Warren’s posturing that private securities are riskier and less transparent than public counterparts hides how she and her husband have both been personally enriched by private equity investments.

Prior to her election to the U.S. Senate in 2012, she was the Leo Gottlieb Professor of Law at Harvard Law School. She was named to the position in 1995, and her financial disclosure forms indicate that, between January 2010 and December 2011, she earned $430,000.

In 2006, her husband, Bruce Mann, was named the Carl F. Schipper, Jr. Professor of Law at Harvard Law School, a position which is, in part, funded through the school’s $53 billion endowment. Warren’s financial disclosures indicate that her husband has earned more than $5 million in that role.

The Harvard Management Company has managed the school’s endowment since 1973, and the company’s board of directors includes top leaders from at least five major private equity funds: General Atlantic, Madison Dearborn Partners, Canyon Partners LLC, Advent International, and Blackstone. According to the company’s 2024 annual report, 39 percent of the endowment’s assets are invested in private equity.

“Sen. Warren has never let hypocrisy deter her,” said Paul Craney, executive director of the Massachusetts Fiscal Alliance. “This latest example only reinforces what many think of her. Perhaps it would be better if the senator put her actions ahead of her words.”

The tide, though, appears to be turning against her hypocritical, ideological warfare.

On June 25, the Office of the Investor Advocate at the U.S. Securities and Exchange Commission (SEC) announced will prioritize allowing private equity and other alternative investments in retirement plans as one of its goals for next year. While many plan sponsors have voiced skepticism about allowing this move, highlighting challenges related to liquidity or the risk of litigation, others see this move as a way to broaden and diversify investments.

In addition to Empower, Larry Fink, the CEO of BlackRock, has called for greater retirement access to private assets. BlackRock is reportedly the world’s largest asset manager with approximately $11.5 trillion in assets under management.

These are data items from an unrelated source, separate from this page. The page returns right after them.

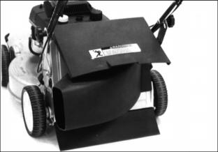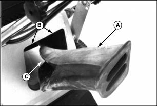 1. Turn fuel shutoff knob (A) to the open position. COLD ENGINE: Push lever forward to choke position. WARM ENGINE: Push lever forward to fast position. 3. Put your foot on foot pad located on top, left side of deck. 4. Pull starter handle until you feel resistance. Then pull fast and steady until engine starts. 6. Pull back throttle lever to half-throttle position. 7. Mow with throttle lever in fast position. Blade OperationNOTE: Do not engage blade in heavy grass or engine may stop. To Engage Blade2. Pull and hold blade control lever (A) against handle. 3. Push blade engagement lever (B) forward until it latches. To Disengage BladeRelease blade control lever (A). Forward TravelTo Travel ForwardPull and hold traction clutch lever (A) against handle (B). To Stop Forward TravelRelease lever (A). Release lever before you turn. NOTE: Rear wheels should make a clicking noise when you push mower forward. This means drive train is operating correctly. Travel Speeds· 1st Gear: 1.9 km/h (1.2 mph) · 2nd Gear: 2.9 km/h (1.8 mph) · 3rd Gear: 3.9 km/h (2.4 mph) · 4th Gear: 4.8 km/h (3.0 mph) · 5th Gear: 6.6 km/h (4.1 mph) To Change Travel Speed:2. Move gear lever (A) to desired position. 3. Engage traction clutch lever (B). Stopping Engine1. Release traction clutch lever (A). 2. Release blade control lever (B). 3. Pull throttle lever (C) back to stop position. 4. Turn fuel shutoff knob to closed position when you are done mowing. Emergency StoppingUsing Discharge Chute (Optional)1. Stop engine. Lift and hold door. 3. Install chute. Lower door to hold chute in place. Using Grass Bag2. Grasp handle (B). Lift bag on or off mower. NOTE: Bag may wear and deteriorate. Check condition of bag often. Use a John Deere bag or equivalent to comply with safety specifications. Using Mulch Plug (Optional)See your John Deere dealer for Mulch Plug. Mulch blade is standard equipment on the mower and works equally well with mulch plug, chute, or bag. You do not need to change the blade when you change attachment. 3. Install plug (A) in opening (B) with (C) facing left. 4. Push and turn plug counterclockwise until it is seated. Using High Lift Blade (Optional)High lift blade is recommended for the most favorable bagging performance. See your John Deere dealer for high lift blades. 1. Disconnect spark plug wire. 2. Turn fuel shutoff knob to closed position.
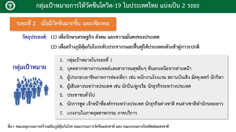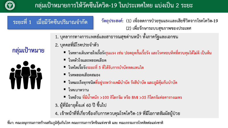 ทั้งนี้กลุ่มเป้าหมายที่จะได้รับวัคซีนโควิด จะถูกแบ่งออกเป็น 2 ระยะ
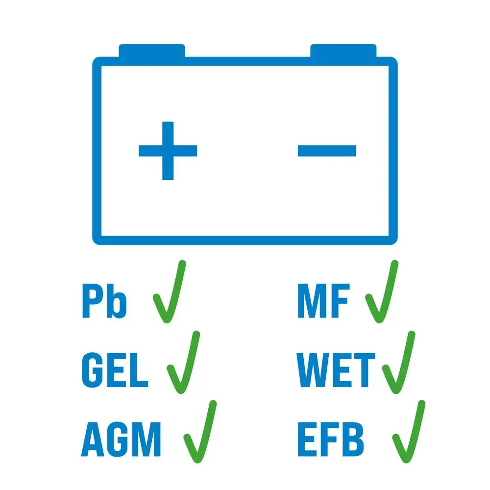 ✔ Ondersteunt meerdere accutypen: PB, GEL, AGM, WET, EFB en LiFePO4
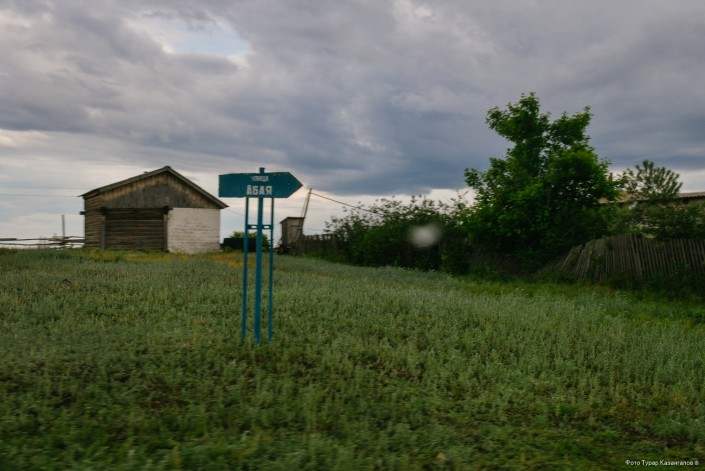 Первое, на что обращаем внимание при въезде в село, - надпись "Добро пожаловать" на казахском - "Қош келдіңіздер", а также указатель "Улица Абая".

The company announced that it would include private assets in its retirement plans around the same time as the SEC made its announcement.

“As more private sector employers have shifted from defined benefit (DB) pension plans to DC plans, saving for retirement has become the individual’s responsibility — but without access to the same investment opportunities available to institutional investors,” the company stated on its website. “By thoughtfully integrating private assets into target date solutions, participants could see about a 15 percent boost in their 401(k) savings over 40 years.”

With approximately 85 million Americans investing in 401(k) and other defined-contribution plans, the stakes are high. BlackRock said it anticipates that retirement portfolios in the future will comprise 50 percent public equities, 30 percent public fixed income, and 20 percent private markets.

On its first-quarter earnings call on May 2, T. Rowe Price Chair, CEO, and President Rob Sharps said the company was also looking at adding “private market investments” to its portfolio. The company manages $1.57 trillion in assets, according to its own data.

“In my mind, there’s no question that eventually, it will happen,” Sharps said. “I think you can debate timing and magnitude, but at some point, and to some degree, defined contribution, more traditional high net worth and mass affluent will get access to private market alternatives.”